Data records
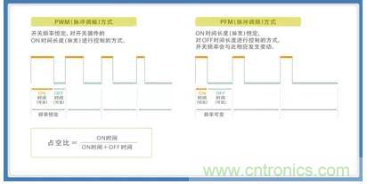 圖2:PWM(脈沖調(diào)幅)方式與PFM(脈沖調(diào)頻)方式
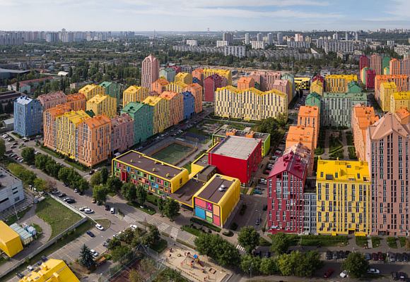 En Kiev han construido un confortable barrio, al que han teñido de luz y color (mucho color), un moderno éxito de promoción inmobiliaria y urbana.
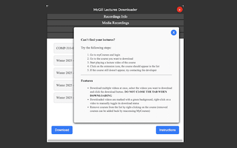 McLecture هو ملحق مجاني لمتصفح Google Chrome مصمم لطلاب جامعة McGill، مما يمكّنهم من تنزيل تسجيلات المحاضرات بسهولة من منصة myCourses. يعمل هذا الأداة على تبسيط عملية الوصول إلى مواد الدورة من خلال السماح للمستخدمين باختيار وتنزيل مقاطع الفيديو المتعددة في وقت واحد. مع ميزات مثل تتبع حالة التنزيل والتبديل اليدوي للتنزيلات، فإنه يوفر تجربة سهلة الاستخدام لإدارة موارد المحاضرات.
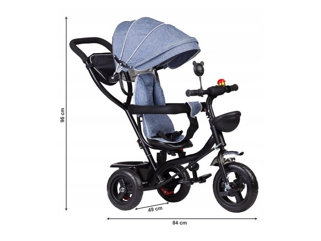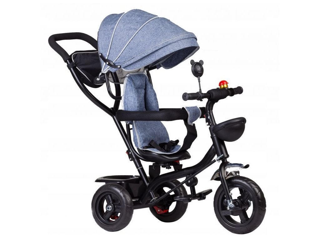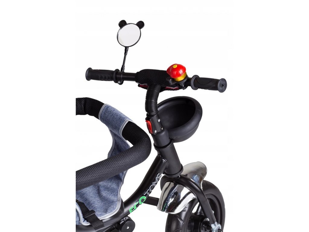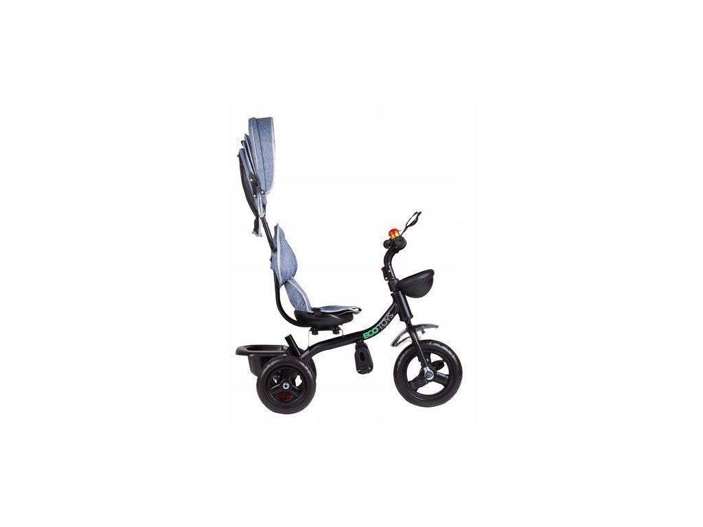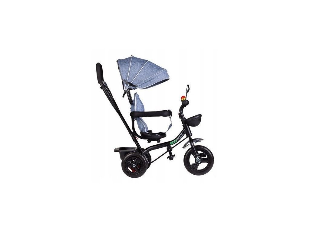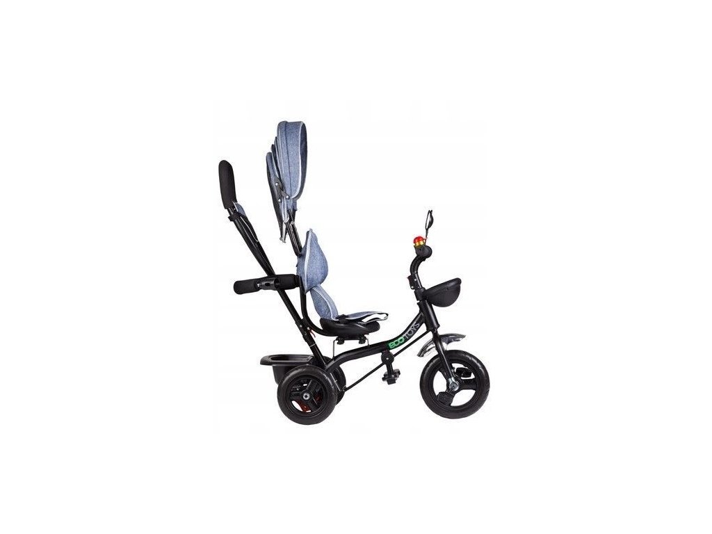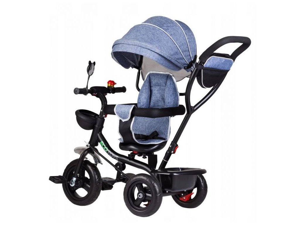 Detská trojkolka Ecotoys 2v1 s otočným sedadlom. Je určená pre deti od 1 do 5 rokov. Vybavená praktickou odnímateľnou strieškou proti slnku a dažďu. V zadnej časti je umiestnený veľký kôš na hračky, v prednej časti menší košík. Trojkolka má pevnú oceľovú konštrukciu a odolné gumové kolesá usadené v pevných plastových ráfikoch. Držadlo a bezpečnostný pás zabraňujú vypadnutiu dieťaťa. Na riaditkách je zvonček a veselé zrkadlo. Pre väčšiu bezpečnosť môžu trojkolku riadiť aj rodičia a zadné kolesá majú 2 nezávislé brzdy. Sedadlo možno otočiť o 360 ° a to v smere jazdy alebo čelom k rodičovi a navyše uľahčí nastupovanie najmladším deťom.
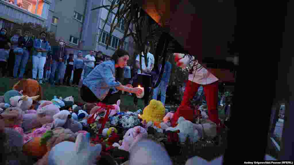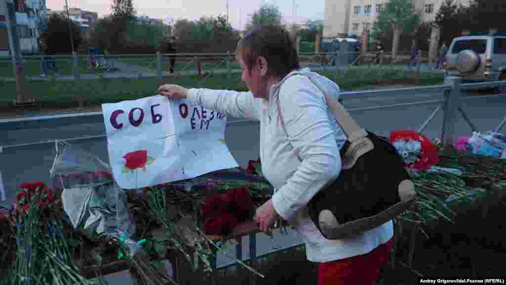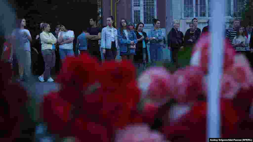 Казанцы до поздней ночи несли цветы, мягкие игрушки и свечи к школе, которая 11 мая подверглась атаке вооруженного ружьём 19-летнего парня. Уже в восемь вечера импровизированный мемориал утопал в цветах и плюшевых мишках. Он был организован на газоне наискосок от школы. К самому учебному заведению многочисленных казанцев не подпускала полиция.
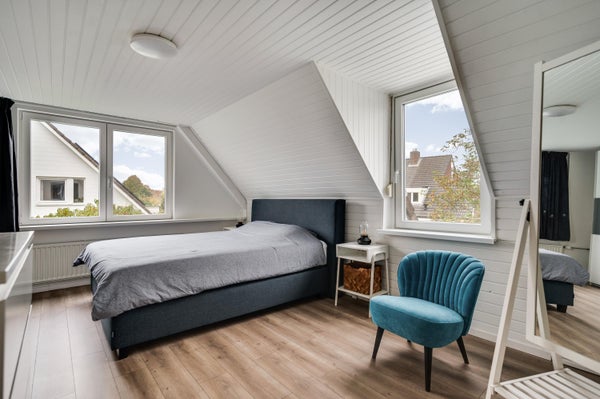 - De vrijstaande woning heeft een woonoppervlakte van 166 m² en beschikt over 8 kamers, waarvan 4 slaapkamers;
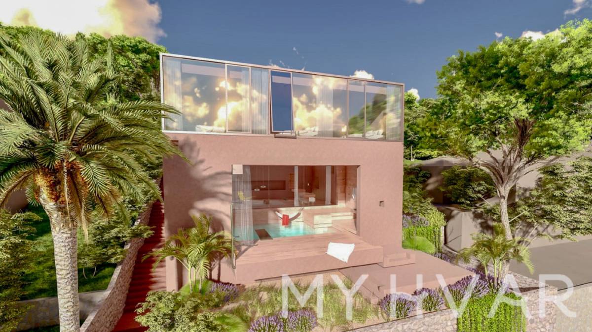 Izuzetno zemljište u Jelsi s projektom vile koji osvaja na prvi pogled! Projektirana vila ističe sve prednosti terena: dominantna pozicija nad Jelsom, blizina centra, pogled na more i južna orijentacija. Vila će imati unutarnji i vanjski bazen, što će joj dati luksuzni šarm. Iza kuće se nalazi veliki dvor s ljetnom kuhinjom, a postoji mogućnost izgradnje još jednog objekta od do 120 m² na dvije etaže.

◆ Task statement:
From the first line above down to the line with "En Kiev han", reproduce every line and no others, omitting pictures.

◆ Response for this exercise:
 圖2:PWM(脈沖調(diào)幅)方式與PFM(脈沖調(diào)頻)方式
 En Kiev han construido un confortable barrio, al que han teñido de luz y color (mucho color), un moderno éxito de promoción inmobiliaria y urbana.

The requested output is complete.